As summer approaches it brings along the warm temperatures. Typically, in Western Washington we stay relatively cool, being near the Sound and ocean keeps temperature moderate. In Eastern Washington, the temperature can get pretty warm and stay that way for several weeks. In Washington State the Outdoor Heat Exposure rule takes effect starting May 1st and ending September 30th. Therefore, there is the need to make sure all workers understand the seriousness of being exposed to warm outdoor temperatures.
Heat Related Illness (RHI) occurs when the body’s means of controlling its internal temperature starts to fail. The body cools itself by blood flow to the skin’s surface and by sweating. The sweat evaporates from the body which results in a cooling effect. Keep in mind that excessive sweating can lead to dehydration, therefore drink plenty of water (a cup every 15-20 minutes). Don’t wait until you are thirsty!
Factors such as air temperature, work rate, humidity, clothing worn while working, age, weight, personal fitness, medical conditions (diabetes, heart condition, etc.), medications (water pills, blood pressure, heart condition, allergies, etc. – check with your doctor), caffeine, and alcohol may lead to heat illness. Clothing, PPE’s, and humidity can restrict sweat evaporation and not allow the body to cool. The body continues to produce heat but can’t release the heat, so the deep body temperature rises.
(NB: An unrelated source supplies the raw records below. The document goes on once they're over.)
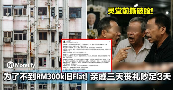 亲人离世本该是共同缅怀的时刻。可悲的是,对某些人来说,遗产比亲情更迫切。一名大马网友向「八卦部门」Facebook 专页匿名投稿,揭露大伯和小叔为了不到 RM300k 的旧 flat,在灵堂前撕破脸,三天丧礼吵了三天!
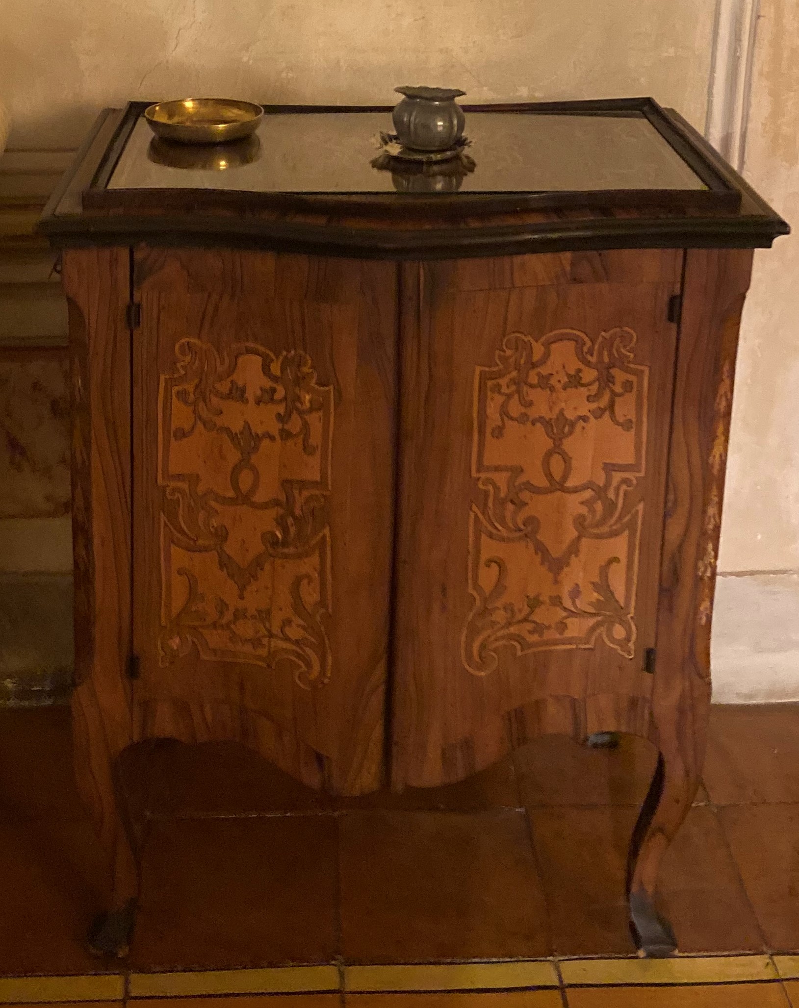 - NOTIZIE STORICO CRITICHE Comodino in legno impiallacciato in radica di noce, dipinto a finto intarsio
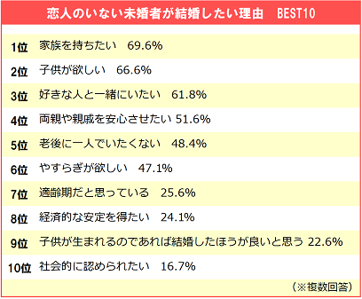 結婚相手がいないけれど早く結婚をしたいと思う理由は、さまざまです。結婚したいと考える恋人がいない未婚者(20代・30代)に対して、国が行った調査を参考に、その理由をいくつか考えてみます。
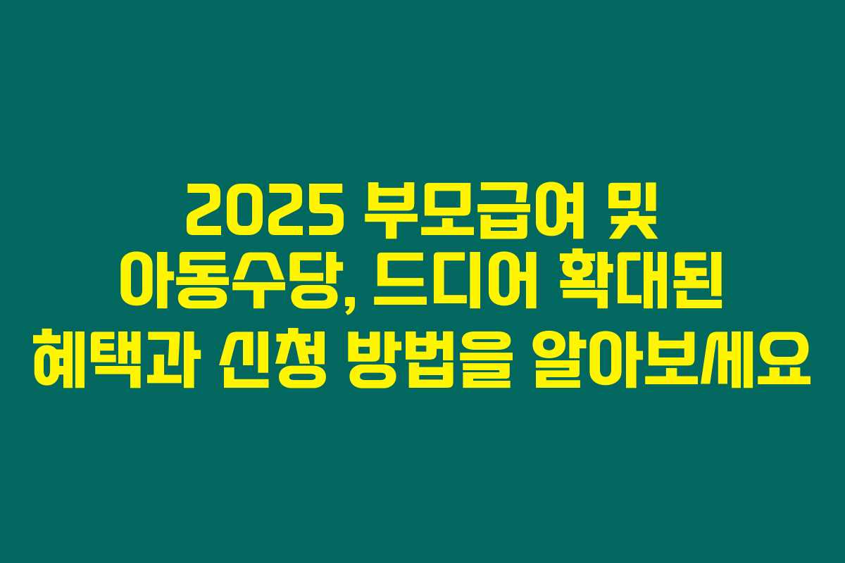 제가 직접 체크해본 바로는 2025년부터 부모급여와 아동수당이 크게 확대되어 부모님들에게 더 많은 경제적 지원이 이루어질 예정입니다. 이 기회에 자녀 양육에 대한 부담을 덜 수 있는 방법을 알아보는 것은 정말 중요하답니다. 아래를 읽어보시면 자세한 내용과 신청 방법에 대해 이해할 수 있습니다.

Eventually the body’s control mechanism starts to fail. When this occurs symptoms of heat illness start to appear.
There are 4 different types of heat-related illnesses:
- Heat Rash
- Heat Cramps
- Heat Exhaustion
- Heat Stroke
Typical symptoms of heat illnesses are:
- Red bumps
- Muscle spasms in legs or abdomen
- Red or flushed hot dry skin
- Heavy sweating
- Clammy, moist skin
- Bizarre behavior
- Mental confusion or losing consciousness
- Panting or Panting and/or rapid breathing
Watch out for yourself and coworkers. If you, or a coworker, experience symptoms, notify your supervisor and/or call 911 immediately and cool the person. Cool the person by moving to a shaded area, fanning, spraying with cool water, remove restrictive clothing, provide cool drinking water, etc. It is important to get treatment before harmful damage is done to the body.
To prevent heat illness keep hydrated throughout the day, eat properly, build up a tolerance to heat, wear breathable clothing (if possible), remove PPE while taking breaks in cool shaded areas, avoid caffeine and alcohol, work during cooler parts of the day, and watch out for yourself and coworkers.
Safety standards require employees be trained on Heat Related Illness and the employer’s safety program to identify, evaluate, and control hazards. Ask your supervisor for a copy of the HRI rule.